Locally advanced unresectable non-small cell lung cancer (NSCLC), stage IIIA with bulky N2 and stage IIIB diseases, accounts for approximately one fourth of all patients with NSCLC [1, 2]. The disease of this stage is characterized by a large primary lesion and/or involvement of the mediastinal or supraclavicular lymph nodes as well as occult systemic micrometastases in the majority of patients. The standard treatment for patients with a good performance status has been concurrent chemoradiotherapy [3, 4]. A platinum doublet using a third-generation anticancer agent combined with thoracic radiotherapy has yielded a median overall survival time of 22–30 months and long-term survivors of about 20 % [5], but the effect of platinum-based chemotherapy has reached a plateau [68]. Since about one third of patients had a relapse within a radiation field, enhanced local treatment may improve survival of these patients. However, a phase III trial of high-dose versus standard-dose thoracic radiotherapy using three-dimensional conformal radiotherapy or IMRT concurrently combined with chemotherapy (RTOG0617) showed poorer survival in the high-dose arm probably due to excessive toxicity to normal tissues [9]. Thus, new types of agents are needed for patients with locally advanced NSCLC to lead a longer and fuller life. Current research focuses on molecular targeted agents, especially epidermal growth factor receptor (EGFR)-directed agents and angiogenesis inhibitors.
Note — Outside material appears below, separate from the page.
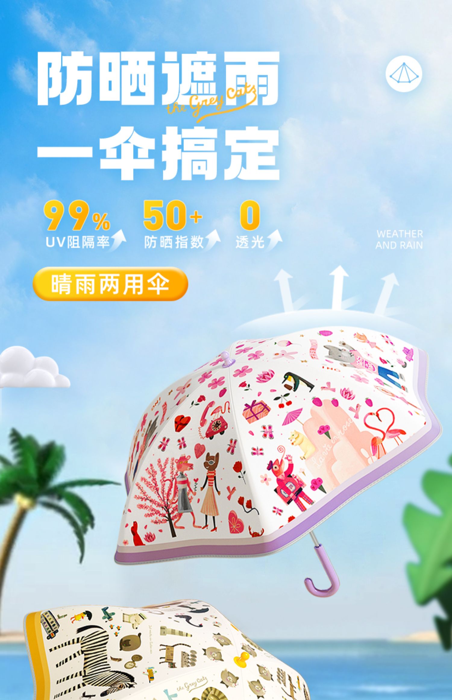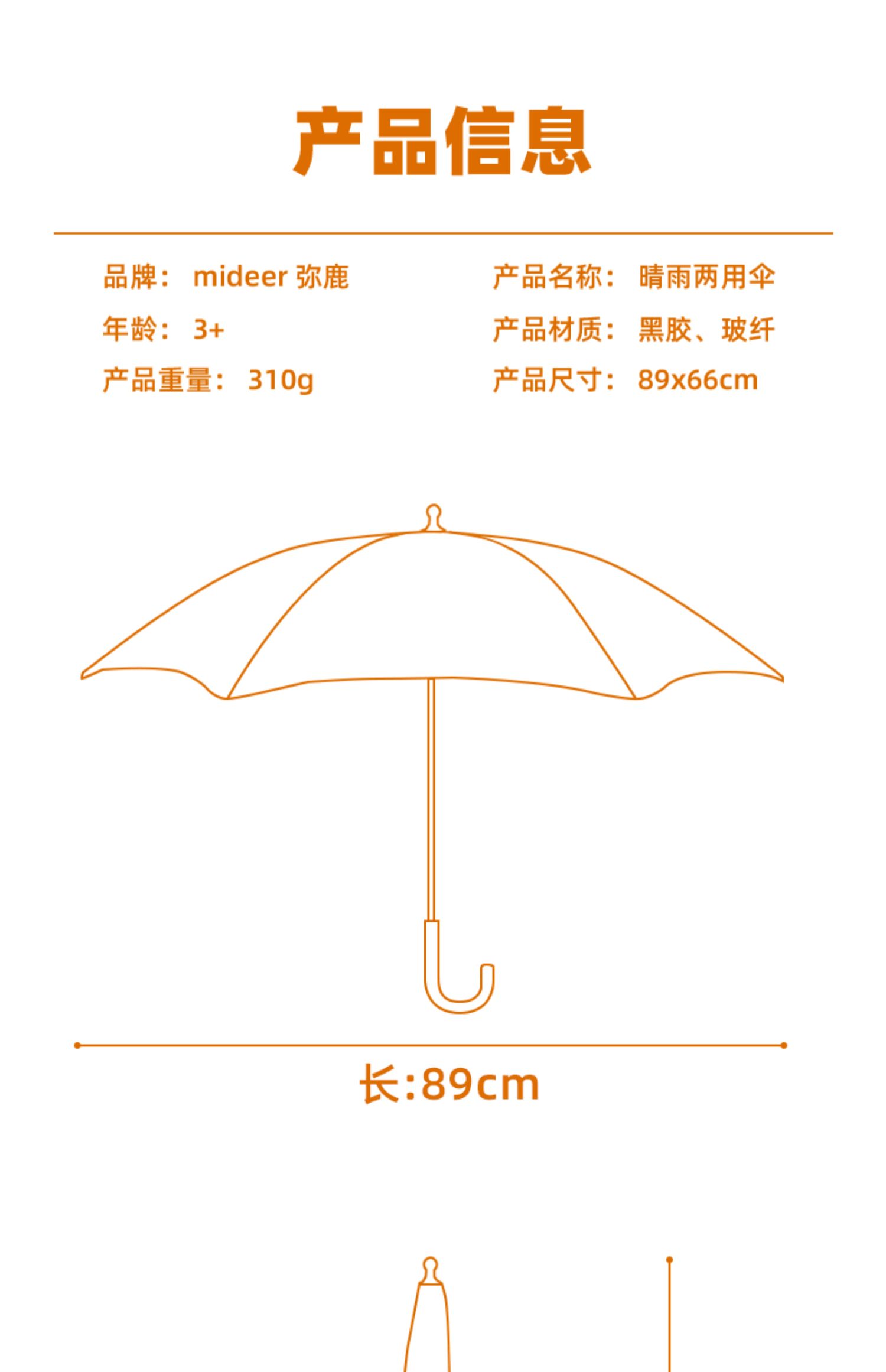 mideer弥鹿儿童雨伞幼儿园宝宝上学专用小学生防晒直柄伞3岁+

2 Monoclonal Antibodies Against EGFR

In tumor cells, EGFR has an important role in cellular proliferation, inhibition of apoptosis, migration and invasion, and angiogenesis through activation of many signaling pathways including the RAS-mitogen-activated protein kinase pathway and phosphatidylinositol-3-kinase-AKT pathway [10]. Activation of EGFR signaling can be mediated by ionizing radiation as well as oncogenic EGFR. The activated EGFR signaling leads to radioresistance by inducing cell proliferation and apoptosis inhibition and enhancing DNA repair [11, 12]. The relationship between EGFR expression and radioresistance was shown among several murine carcinoma cell lines [13, 14], and a transfection study confirmed this relationship [15]. Several in vitro and in vivo studies showed synergistic effect of anti-EGFR antibody cetuximab and radiation [13, 16, 17]. This synergistic activity was obtained only in cetuximab-sensitive cell lines [17].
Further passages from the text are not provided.